In 1825, the Thirty-Three Orientals entered into Uruguay and fought against Brazilian troops. In 1828 a treaty was signed between Brazil and Argentina which allowed for the Banda Oriental to become an independent nation. The new country was then to become known as Uruguay.

Post independence

On 19 July 1870, both Spain and Uruguay established diplomatic relations and signed a Treaty of Peace and Friendship. After the establishment of diplomatic relations, thousands of Spanish nationals immigrated to Uruguay. In 1908, over 30% of Uruguays population were born in Spain.
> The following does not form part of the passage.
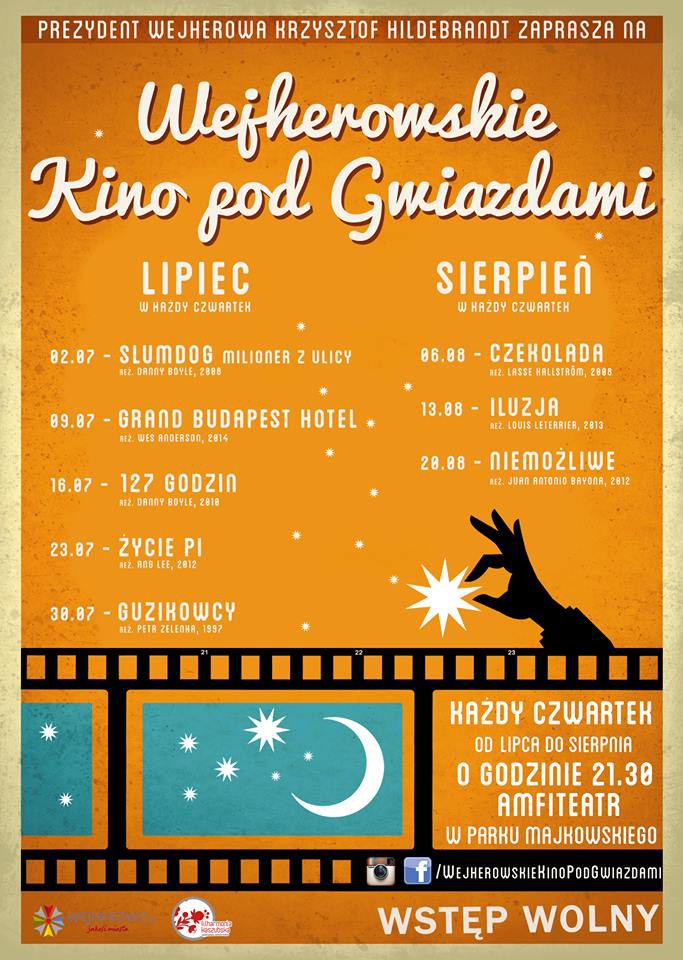 2 lipca w wejherowskim Amfiteatrze wyświetlony zostanie Slumdog. Milioner z ulicy, który zainauguruje cykl filmowych spotkań. Tydzień później mieszkańcy będą mieli możliwość obejrzenia Grand Budapest Hotel. Przez kilka kolejnych czwartków wyświetlone zostaną takie filmy jak 127 godzin, Życie PI, Guzikowcy, Czekolada, Iluzja i film Niemożliwe.

During the Spanish Civil War (1936-1939) approximately 70 Uruguayans fought in the international brigade against the Nationalist faction. In 1936, Uruguayan President Gabriel Terra recognized the government of Francisco Franco. Between the years of 1946 - 1958, over 37,000 Spanish citizens immigrated to Uruguay. Most Spanish migrants came to Uruguay escaping poverty in Spain. Some of them were also political refugees fleeing from Franco's dictatorship.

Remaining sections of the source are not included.